FreshCart Australia: SQL Analytics for Grocery E-Commerce

Three years of transactional data from a fictional Australian online grocer, dissected across 16 business questions using advanced SQL. Covers cohort retention, RFM segmentation, promotional ROI, market basket analysis, and category performance. The full analytical toolkit of a commercial analyst.

GitHub

The Scenario

FreshCart Australia is a fictional online grocery retailer. Three years of transaction data: 5,000 customers, 96 SKUs, 24,074 orders, six relational tables.

The project treats this like a real commercial analytics engagement. Not a tutorial, not a data cleaning exercise. A genuine attempt to answer the questions a category manager or commercial director would actually ask on a Monday morning.

The Business Questions

Sixteen analyses, structured around four commercial priorities:

Revenue and margin health Monthly year-on-year trends, gross margin by category, state-level benchmarking. Understanding not just what is selling, but what is profitable and where.

Customer behaviour Cohort retention from the first purchase onward. RFM segmentation to identify Champions, Loyalists, At-Risk, and Churned customers. Purchase cycle analysis revealing that the typical repurchase interval is 31 to 60 days.

Promotional effectiveness Which promotions drive genuine incremental sales and which simply discount purchases that would have happened anyway. EOFY promotions carry the deepest discounts at 20%, but the ROI question is more nuanced.

Category and channel performance Coffee leads on revenue at $377K over three years. Breakfast leads on order penetration. Online channel shows consistent quarter-on-quarter growth against in-store. Market basket analysis surfaces which product combinations drive basket size.

$1.67M Total revenue across 3 years

28.9% Gross margin across the portfolio

23.8% Revenue share from Champions segment (14% of customers)

Why DuckDB

DuckDB is an in-process analytical database that runs inside a Python environment with no server setup. It is fast on columnar data, supports the full SQL standard including window functions and ROLLUP, and produces clean output inside Jupyter notebooks.

It is also increasingly relevant for analysts who need to run analytical SQL on local files or embedded datasets without standing up a data warehouse. This project was built specifically to demonstrate that workflow.

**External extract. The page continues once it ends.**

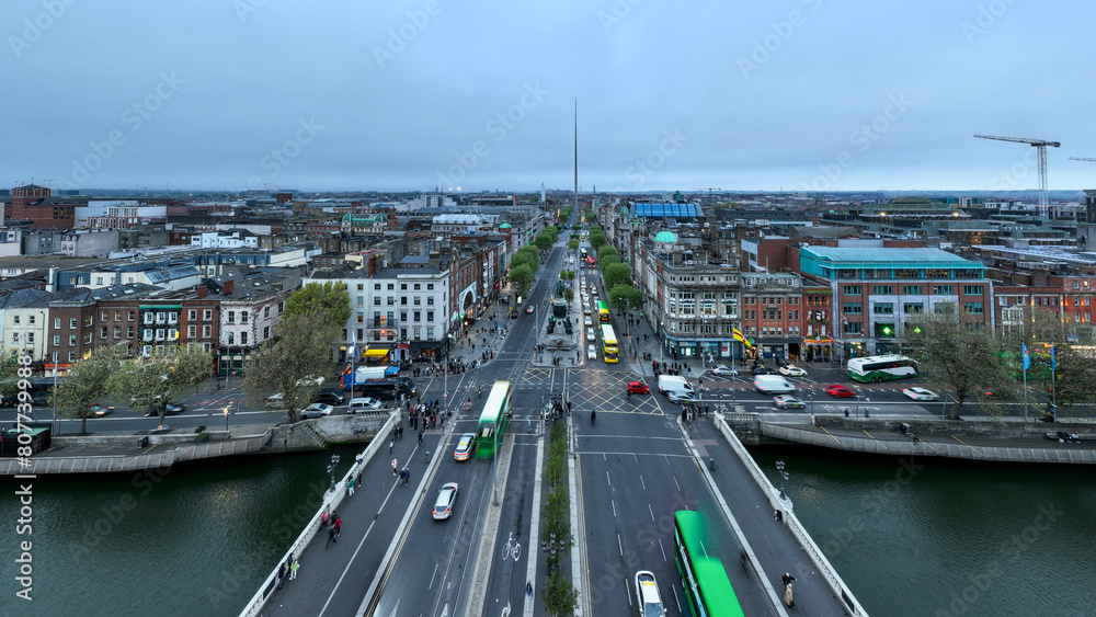 Aerial view of famous O'Connell Street with Spire in Dublin

SQL Techniques Demonstrated

The project covers the techniques that separate junior SQL from senior SQL:

Window functions across every major variant: LAG, LEAD, RANK, ROW_NUMBER, NTILE, running totals
Cohort construction using first-purchase anchoring and date spine joins
RFM segmentation using NTILE quartiles with CASE-based label assignment
Self-joins for market basket (co-purchase) analysis
CROSS JOIN benchmarking for state-level performance comparison
ROLLUP aggregations for subtotal and grand total reporting
Subqueries and multi-level CTEs for stepwise analytical pipelines

The Jupyter notebook includes all query outputs pre-executed, so the analysis is readable without running any code.